What is the Gender Shades project?
A study evaluating accuracy disparities in facial recognition systems across gender and skin tone
Which group faced the highest error rates in Gender Shades findings?
Darker-skinned females
Why is inclusive testing important for AI systems?
To ensure fairness and accuracy across all demographic groups
What action did IBM take following the Gender Shades findings?
IBM updated its Watson Visual Recognition API to address biases
What is “first-person fairness”?
Ensuring unbiased AI responses based on users’ personal information
How does ChatGPT exhibit bias in name-based queries?
By generating stereotyped responses linked to gender or ethnicity
What strategies can mitigate bias in AI models like ChatGPT?
Preprocessing training data, diversity-aware algorithms, and continuous monitoring
How did GPT-4o improve over GPT-3.5 in terms of bias?
GPT-4o significantly reduced stereotyping rates in responses.
“People judge subjectively and have numerous bias effects in their decisions.
Decisions can even be influenced by situative moods or unconscious beliefs.” (True/False)
True
“AI systems, on the other hand, are objective, fair and able to judge neutrally.” (True/False)
That’s not (automatically) true, since AI is made by us and learns from us.
What is a stereotype?
A stereotype is an oversimplified and generalized idea about a group of people, ignoring individual differences.
How does bias differ from stereotypes?
Stereotypes are the content of biased thinking, while bias is the mechanism by which preferences or prejudices are applied.
What is statistical bias?
Statistical bias refers to a systematic error that skews results due to issues like non-representative samples, flawed measurements, or omitted variables.
What is unconscious bias?
Unconscious bias is an implicit, learned belief about others that operates outside conscious awareness.
How can unconscious bias affect decisions?
Unconscious biases influence actions and decisions, often in ways incompatible with conscious values.
What factors can amplify unconscious bias?
Multi-tasking and working under time pressure can increase the impact of unconscious biases.
What is biased AI?
Biased AI refers to systems that unfairly favour certain outcomes or groups due to factors like biased data or algorithms.
How does Mehrabi et al. (2022) define fairness?
Fairness is “the absence of any prejudice or favouritism toward an individual or group based on their inherent or acquired characteristics.”
What is historical societal bias in AI?
Historical societal bias occurs when AI reflects stereotypes from historical data, such as gendered CEO predictions.
What is labelling bias?
Labelling bias happens when annotator prejudices or cultural influences affect how training data is labelled, leading to skewed AI results.
What is sampling bias?
Sampling bias arises when training data does not represent the real-world population, such as a medical AI trained on younger patients being inaccurate for older ones.
What is data aggregation bias?
Data aggregation bias occurs when models assume a “one-size-fits-all” approach, failing to account for subgroup differences.
How does design bias manifest in AI?
Design bias emerges from design choices like feminized digital assistants that reinforce stereotypes.
What is interaction bias?
Interaction bias arises when user interactions influence AI to adopt and reinforce societal stereotypes.
What are recommended strategies to keep human bias out of AI
- Awareness about Biased AI and understanding of various potential causes for it
- More diverse and interdisciplinary teams developing AI
- Integration of technical bias detection strategies in AI development
- Bias impact statements as a self-regulatory practice of AI creators/companies
- Ethical governance standards
How can diversity in development teams mitigate bias?
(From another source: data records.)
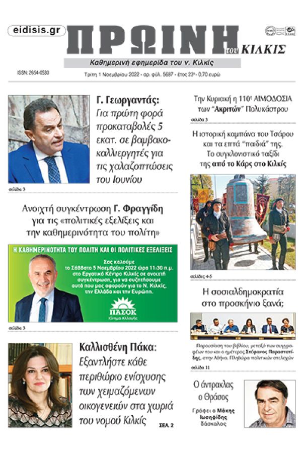 Διαβάστε το νέο πρωτοσέλιδο της Πρωινής του Κιλκίς, μοναδικής καθημερινής εφημερίδας του ν. Κιλκίς (1-11-2022)
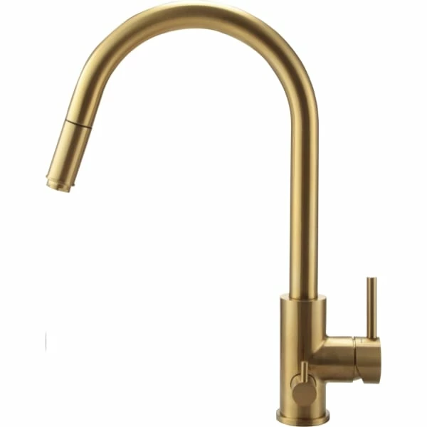 Kjøkkenbatteri i tidløs design. Med høy tut og uttrekkbart munnstykke er det lett å skylle vasken eller rengjøre kjøkkenbenken.
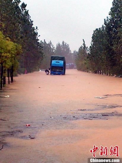 受臺風(fēng)“海葵”影響,江西省景德鎮(zhèn)市遭遇強降雨。圖為206國道景德鎮(zhèn)昌江區(qū)路段被淹,貨車司機棄車在齊腰深的水中艱難前行。黃迪鶯 攝
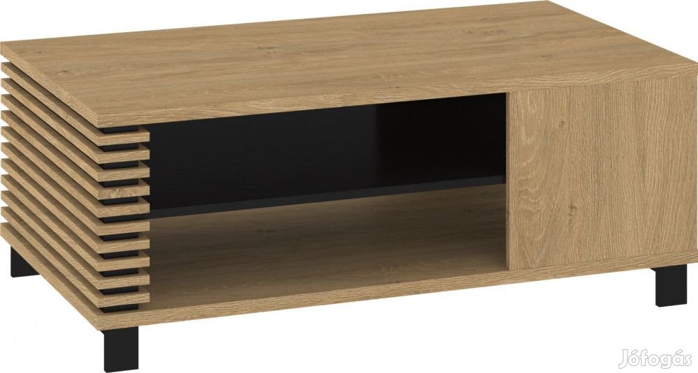 Dohányzóasztal nyitott polcokkal és téglalap alakú szögletes asztallappal, stone tölgy és fekete színben. További információkért kattintson ide:
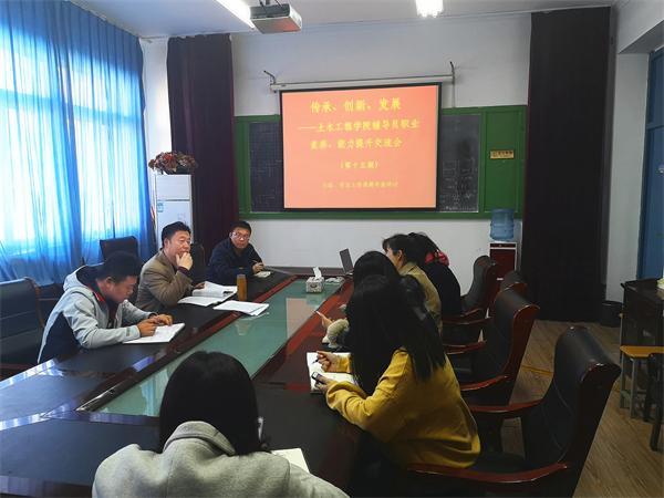 4月4日上午,土木工程学院在一教306会议室举办第十五期辅导员职业素养、能力提升交流会。学院党总支副书记邵先锋,学生工作办公室主任、分团委书记王中帅及全体辅导员老师参加本次交流会。本次交流会重点对学生工作课题申报相关内容进行研讨。

Diverse teams bring varied perspectives, helping identify and reduce bias during AI development.
What is the purpose of bias detection strategies in AI?
Bias detection strategies identify and address potential sources of bias in data, algorithms, and interactions.
What is a bias impact statement?
A bias impact statement is a self-regulatory practice where AI developers assess and document the potential impacts of bias in their systems.